In the case of a chronic dosing regimen, CL/F is the main pharmacokinetic parameter. Different renal function descriptors were tested as covariates on CL/F [e.g., SCr, CLCR/BW (CLCR normalized for weight), and MDRD index]. CLCR was normalized for weight to remove the effect of body size from the predicted creatinine clearance, thereby separating renal function from body size effects on the clearance of metformin [13, 20]. Finally, combining different size and renal function descriptors gave better results than the use of each covariate taken alone, and the best model for CL/F included age, SCr, and LBW as covariates. The design of the study did not allow us to distinguish different allometric exponents for this LBW effect. The 0.75 allometric exponent was ultimately retained on the basis of a very small difference in the criterion values. The effects of age and SCr on CL/F are related to the renal metformin elimination as previously reported [24]. The estimation of specific coefficients for these effects gave better results than the use of renal function descriptors, i.e., CLCR/BW or MDRD index. Regarding the renal function, our results are consistent with earlier studies. In a study by Tucker et al. [16], a correlation was found between renal clearance of metformin and creatinine or creatinine clearance. Thus adjusting dosage to renal function could be satisfactory even in elderly patients [25]. However, most of these studies did not include a large number of obese patients. LBW was the best size descriptor for metformin CL/F, which seems plausible as the major drug clearing organ, kidney for metformin, is associated with LBW.

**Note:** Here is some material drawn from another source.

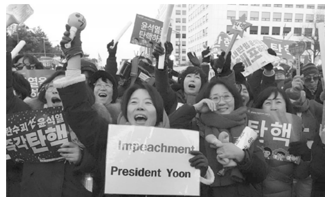
Koreans celebrate vote to impeach President Yoon Seok-Yeol. Seoul, Dec. 14, 2024.

Under both Republican and Democratic administrations, Washington has put in motion plans to build a

There was a great between-subject variability in metformin pharmacokinetics, which was probably related to bioavailability issues. Metformin has an absolute oral bioavailability of 40–60%, and absorption is estimated to be complete within 6 h of administration with an active and saturable absorption process [16, 26]. Our results confirmed a “dose effect” in the relative bioavailability: FREL = 1 for a 780 mg dose (expressed in metformin base) and FREL = 1.17 for a 390 mg dose (+17%) [27]. It has also been suggested that genetic factors might contribute to the variability in metformin pharmacokinetics because the organic cation transporter OCT1 variants are associated with increased renal elimination of metformin [28].

In conclusion, in a large population of obese patients with type 2 diabetes mellitus, metformin apparent clearance and volume of distribution were influenced by the lean body weight on an allometric basis, and clearance was also related to markers of renal function: age and serum creatinine. Relative bioavailability was influenced by dose. The model developed here suggests a dose individualization using these covariates. These results should contribute to define dosage guidelines in diabetic obese patients.